--- PROVIDED RECORDS Enclosed Below ---

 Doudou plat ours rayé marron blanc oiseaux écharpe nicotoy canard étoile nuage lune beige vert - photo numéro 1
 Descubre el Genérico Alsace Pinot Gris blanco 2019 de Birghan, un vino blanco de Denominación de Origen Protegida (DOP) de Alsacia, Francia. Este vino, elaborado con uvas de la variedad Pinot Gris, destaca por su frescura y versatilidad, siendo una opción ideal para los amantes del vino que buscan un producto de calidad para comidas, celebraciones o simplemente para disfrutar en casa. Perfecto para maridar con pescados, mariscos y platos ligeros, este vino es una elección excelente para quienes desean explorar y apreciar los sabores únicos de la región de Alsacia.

--- End of Enclosed PROVIDED RECORDS ---
--- PROVIDED RECORDS Enclosed Below ---

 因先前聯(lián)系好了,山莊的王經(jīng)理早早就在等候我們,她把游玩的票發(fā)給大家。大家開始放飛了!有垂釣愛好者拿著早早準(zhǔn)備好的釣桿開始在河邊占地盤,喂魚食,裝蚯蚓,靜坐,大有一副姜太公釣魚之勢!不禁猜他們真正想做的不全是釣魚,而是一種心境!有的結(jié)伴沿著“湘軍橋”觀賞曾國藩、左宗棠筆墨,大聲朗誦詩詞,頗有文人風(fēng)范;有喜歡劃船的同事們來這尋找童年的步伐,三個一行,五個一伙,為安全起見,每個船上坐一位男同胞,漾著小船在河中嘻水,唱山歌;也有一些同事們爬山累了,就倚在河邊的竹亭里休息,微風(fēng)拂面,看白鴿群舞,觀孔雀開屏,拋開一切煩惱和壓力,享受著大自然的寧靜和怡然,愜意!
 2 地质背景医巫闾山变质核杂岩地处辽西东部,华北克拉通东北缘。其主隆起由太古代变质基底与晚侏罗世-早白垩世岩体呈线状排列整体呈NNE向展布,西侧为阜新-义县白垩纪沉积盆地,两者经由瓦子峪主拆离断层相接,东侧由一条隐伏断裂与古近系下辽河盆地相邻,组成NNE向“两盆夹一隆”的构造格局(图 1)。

--- End of Enclosed PROVIDED RECORDS ---

→ HOW TO COMPLETE THIS TASK
Copy out only the lines of the records above from the one with "Doudou plat ours" through the one with "Descubre el Genérico", exactly as they stand, both included.

→ ANSWER SPACE
 Doudou plat ours rayé marron blanc oiseaux écharpe nicotoy canard étoile nuage lune beige vert - photo numéro 1
 Descubre el Genérico Alsace Pinot Gris blanco 2019 de Birghan, un vino blanco de Denominación de Origen Protegida (DOP) de Alsacia, Francia. Este vino, elaborado con uvas de la variedad Pinot Gris, destaca por su frescura y versatilidad, siendo una opción ideal para los amantes del vino que buscan un producto de calidad para comidas, celebraciones o simplemente para disfrutar en casa. Perfecto para maridar con pescados, mariscos y platos ligeros, este vino es una elección excelente para quienes desean explorar y apreciar los sabores únicos de la región de Alsacia.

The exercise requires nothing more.